↓↓↓

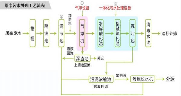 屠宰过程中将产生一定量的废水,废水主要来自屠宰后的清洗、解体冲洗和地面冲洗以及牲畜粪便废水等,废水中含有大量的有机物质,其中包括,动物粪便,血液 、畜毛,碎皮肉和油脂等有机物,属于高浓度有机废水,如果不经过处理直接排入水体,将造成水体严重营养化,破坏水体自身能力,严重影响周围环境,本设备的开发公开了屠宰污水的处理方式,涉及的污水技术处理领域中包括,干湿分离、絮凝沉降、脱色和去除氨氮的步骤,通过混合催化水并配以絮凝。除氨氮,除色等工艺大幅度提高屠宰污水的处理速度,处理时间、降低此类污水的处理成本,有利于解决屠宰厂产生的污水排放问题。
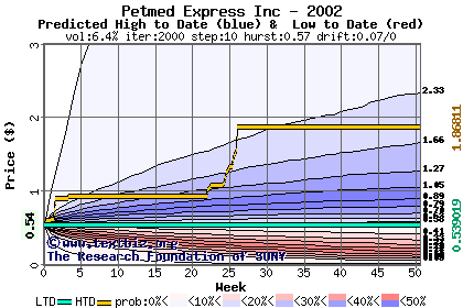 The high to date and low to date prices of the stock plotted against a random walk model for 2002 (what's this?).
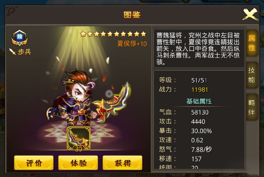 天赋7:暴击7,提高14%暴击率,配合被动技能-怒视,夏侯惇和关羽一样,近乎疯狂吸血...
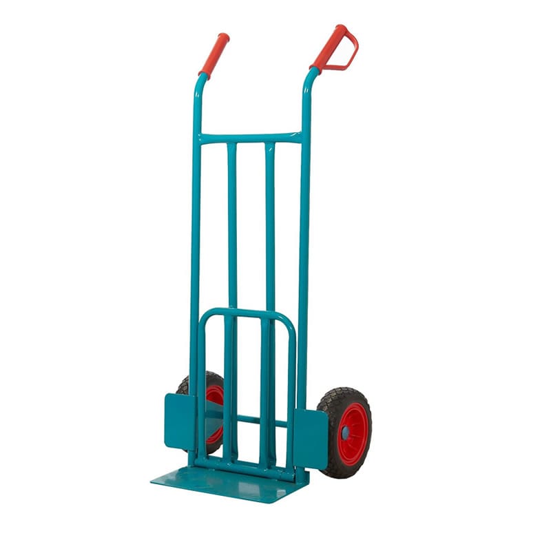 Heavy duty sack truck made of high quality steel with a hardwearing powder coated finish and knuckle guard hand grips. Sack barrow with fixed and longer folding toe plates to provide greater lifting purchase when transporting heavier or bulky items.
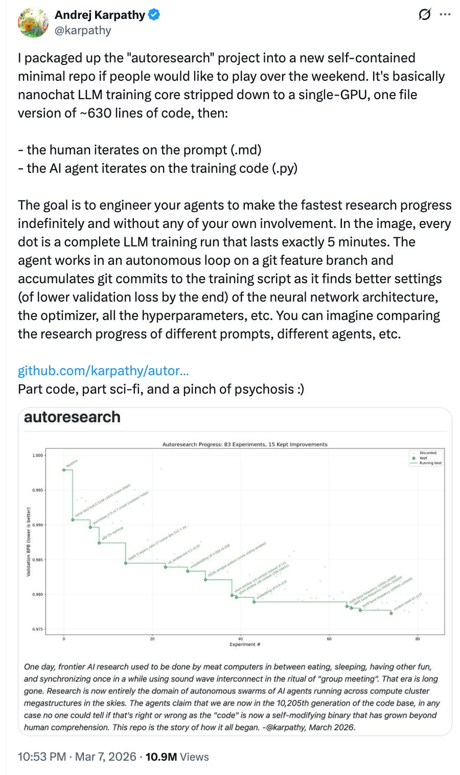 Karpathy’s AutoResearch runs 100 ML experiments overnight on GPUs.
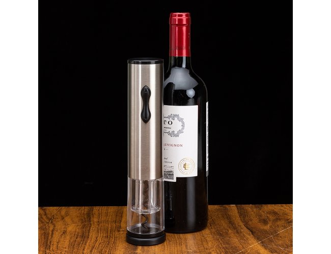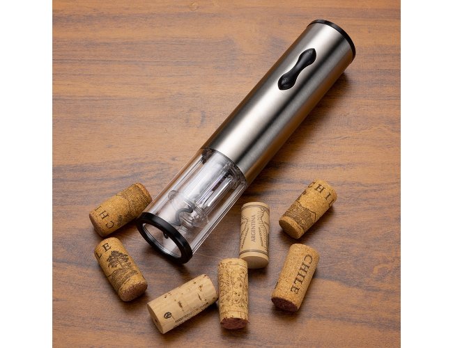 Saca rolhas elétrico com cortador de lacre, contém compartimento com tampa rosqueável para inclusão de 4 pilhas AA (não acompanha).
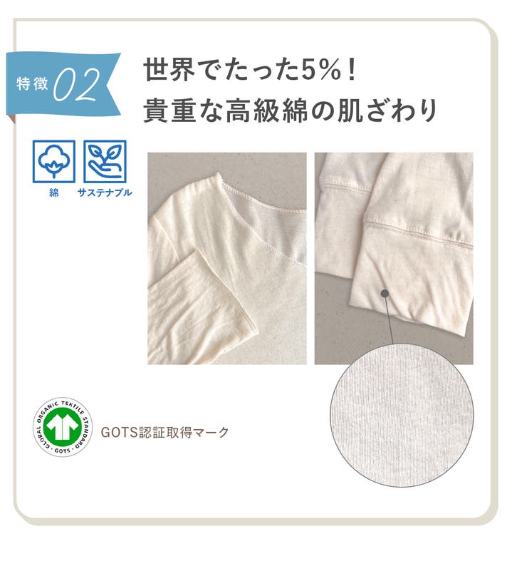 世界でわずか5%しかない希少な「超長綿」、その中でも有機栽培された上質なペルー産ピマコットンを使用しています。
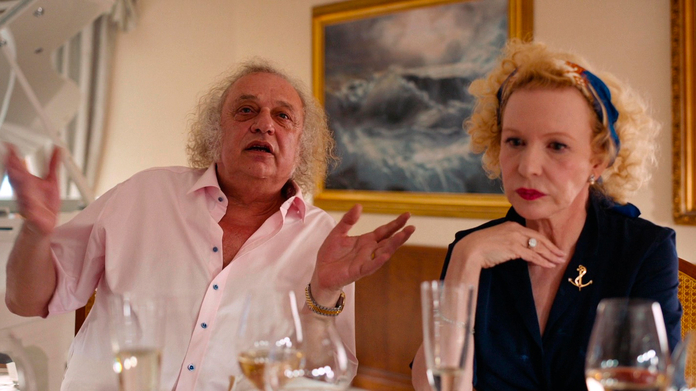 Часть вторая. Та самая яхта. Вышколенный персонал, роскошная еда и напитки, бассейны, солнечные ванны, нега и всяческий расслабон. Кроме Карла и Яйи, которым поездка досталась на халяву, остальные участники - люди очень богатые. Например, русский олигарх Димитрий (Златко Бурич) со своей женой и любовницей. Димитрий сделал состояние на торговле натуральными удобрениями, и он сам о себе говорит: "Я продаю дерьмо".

↑↑↑

## [What the exercise asks]
Only the lines above starting with the line with "Heavy duty sack" and going on through the line with "Karpathy’s AutoResearch runs" belong in the answer; repeat them exactly, minus any picture.

## [Solution to this task]
 Heavy duty sack truck made of high quality steel with a hardwearing powder coated finish and knuckle guard hand grips. Sack barrow with fixed and longer folding toe plates to provide greater lifting purchase when transporting heavier or bulky items.
 Karpathy’s AutoResearch runs 100 ML experiments overnight on GPUs.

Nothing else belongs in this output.